NON.OUI - Un documentaire de Mahmoud Jemni
Le réalisateur de «NON.OUI » est devenu un spécialiste du documentaire social, privilégiant le quotidien des gens dans son pays, la Tunisie, avec leurs angoisses et leurs contradictions.
Cinq ans après «Warda, la Passion de la Vie», documentaire qui aborde le courage, les projets et les rêves d’une jeune artiste atteinte de cancer, M. Jemni revient en force avec un sujet sensible partout dans le monde, qui présente néanmoins des spécificités en Tunisie, d’après les témoignages.
Dans ce nouveau documentaire long-métrage (75’), il est question du racisme dans la vie de tous les jours, y compris dans les gestes apparemment les plus anodins. Quelle est la face visible de cette maladie sociale, quelles en sont les manifestations dans la routine journalière, les différents ressentis des personnes impliquées en tant que victimes et objets de racisme, les points de vue possibles, les réponses, les traces psychologiques immédiates et à long terme, et comment l’expliquer dans un pays du Maghreb - une notion qui correspondrait surtout à un espace culturel spécifique entre une mer et un désert - où certains ne se considèrent pas comment étant des «Africains». Pourtant la Tunisie fait partie de l’Afrique, sans l’ombre d’un doute, sans que cela ne représente une exclusivité identitaire.
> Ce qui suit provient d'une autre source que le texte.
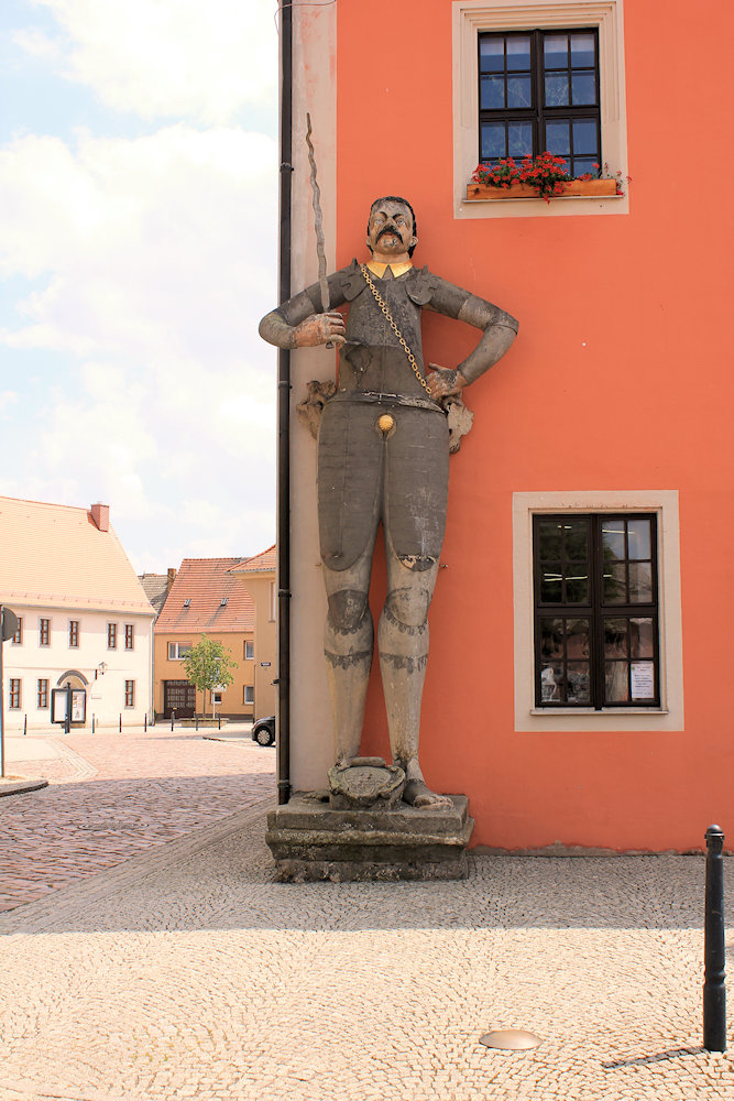 - verputzter Bruchsteinbau, Zwerchhäuser, Volutengiebel, Sitznischenportal, Rundbogenportal, drei Wappen, Gaffköpfe, Freitreppe, überlebensgroße Rolandfigur (1610)

Dans ce documentaire, nous sommes amenés à écouter plusieurs témoignages qui ne coïncident pas toujours sur tous les points au niveau de la conceptualisation et de la perspective.
Je vous invite à prendre le bus vers le sanctuaire de Omi Marzouga, pour une fête traditionnelle où les Tunisiens noirs célèbrent leur identité, et à partager le voyage par la mémoire et le présent avec les différents personnages-invités, personnes réelles avec une histoire et une vision toute particulière d’une Tunisie qui semble diverse et plurielle, avec de nombreuses fractures concernant les différentes formes de discrimination, dont la discrimination raciale, objet principal du film.
Une jeune femme spécialiste en communication, Wagha, un styliste qui travaille aussi pour le cinéma et utilise surtout des tissus ethniques, ce même styliste dont «la couleur ne représente pas la Tunisie», comme il le souligne à travers les insinuations et exclusions dont il fait l’objet. Comme si un pays pouvait se résumer en un unique symbole, déniant la pluralité culturelle, ethnique et toute son Histoire. Un étudiant en théâtre (Abdesalam), une militante de la société civile et présidente d’une association antiraciste (Saadia Mosbah), un sociologue (Abdelssatar Sahbani), en somme des gens de différents teints de peau, différentes générations et histoires familiales composent ce groupe hétérogène. D’autres importants personnages-clés s’ajouteront au groupe : une députée (Jamila Debbech Ksiksi), un professeur (Belgacem Rajah), et un acteur (Farhat Debbech). Certains participants, moins visibles, apporteront pourtant des points de vue complémentaires et avoueront des expériences personnelles significatives, des anecdotes étonnantes et insoupçonnables.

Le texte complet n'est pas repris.